# Taping faced insulation batts



## kxweil38 (Jan 15, 2015)

I installed faced insulation batts in a upstairs attic that is being converted into a bedroom. The room contains a knee wall. I have a question about taping the batts to the horizontal frame at the top and bottom of the kneewall. Would it be beneficial, or is it required, that the batts be taped to the frame at the top and bottom with a Tyvek type tape to prevent any air leakage. 

Thank you,
Ken


----------



## joecaption (Nov 30, 2011)

No need if the insulation is installed correctly. On the back side cover it with Tyvek to prevent wind washing.


----------



## Windows on Wash (Aug 30, 2011)

Better yet...cover the assembly with rigid foam to help with the thermal loss through the stud wall.

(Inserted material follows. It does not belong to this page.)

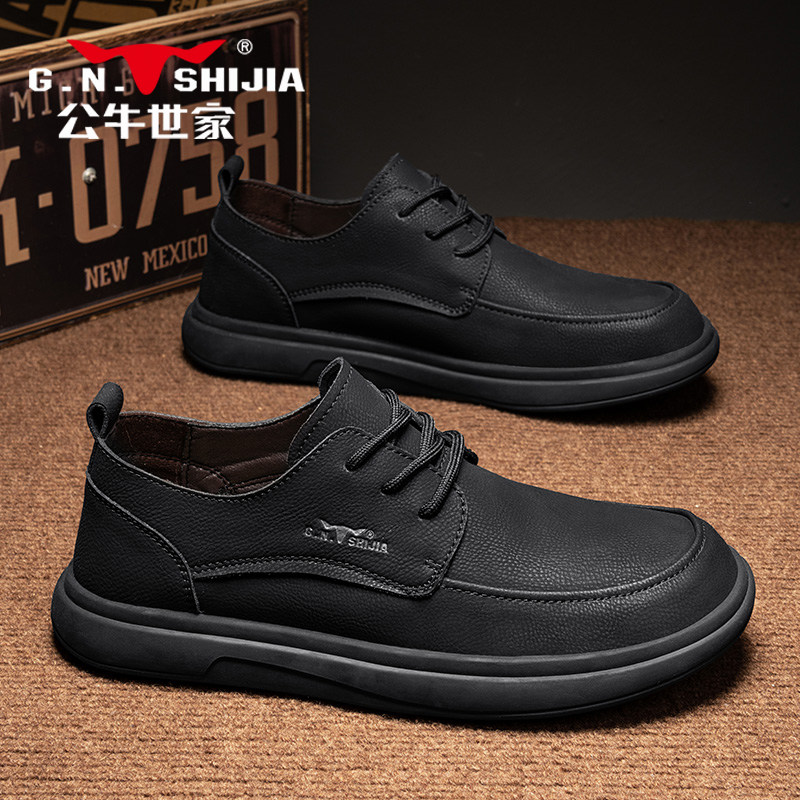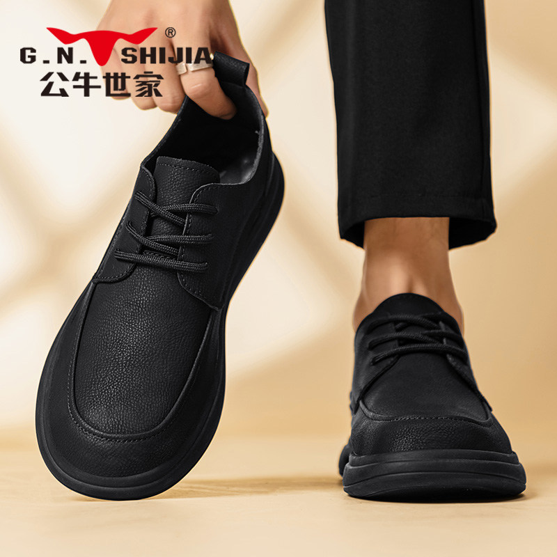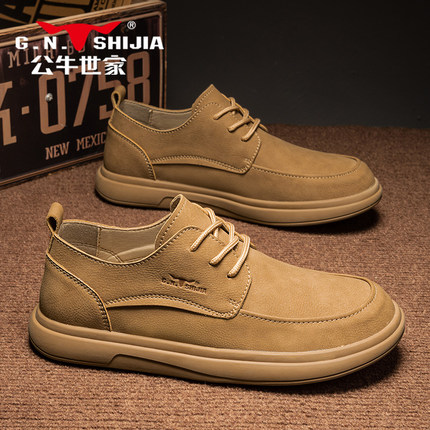 公牛世家男鞋冬季真皮英伦复古休闲皮鞋男软底黄色反绒高端豆豆鞋

Be sure to air seal the wall and the joist bays prior to closing it up.


----------



## Gary in WA (Mar 11, 2009)

The kraft facing is a vapor retarder, not an air barrier- never meant to be. It will adjust to the relative humidity passing through it, "Ginger vs. Mary Ann": http://www.buildingscience.com/documents/insights/bsi-024-vocabulary

The drywall should be your air barrier; http://www.buildingscience.com/documents/information-sheets/air-barriers-airtight-drywall-approach/

The tape at bottom/top plates is not required nor needed as the paper is surface weighed. Slashes, rips and tears won't affect it considerably;under Photo #6; http://www.buildingscience.com/docu...3-concrete-floor-problems/?searchterm=BSI-003

Be very meticulous with the insulation application; http://www.buildingscience.com/documents/information-sheets/installation-of-cavity-insulation/ Block under/over the knee wall leaving your air chute intact, cover any foam board with an ignition barrier; check with local AHJ or Fire Marshall.

Gary


----------



## kxweil38 (Jan 15, 2015)

Thank you all for the replies! This is excellent information.


----------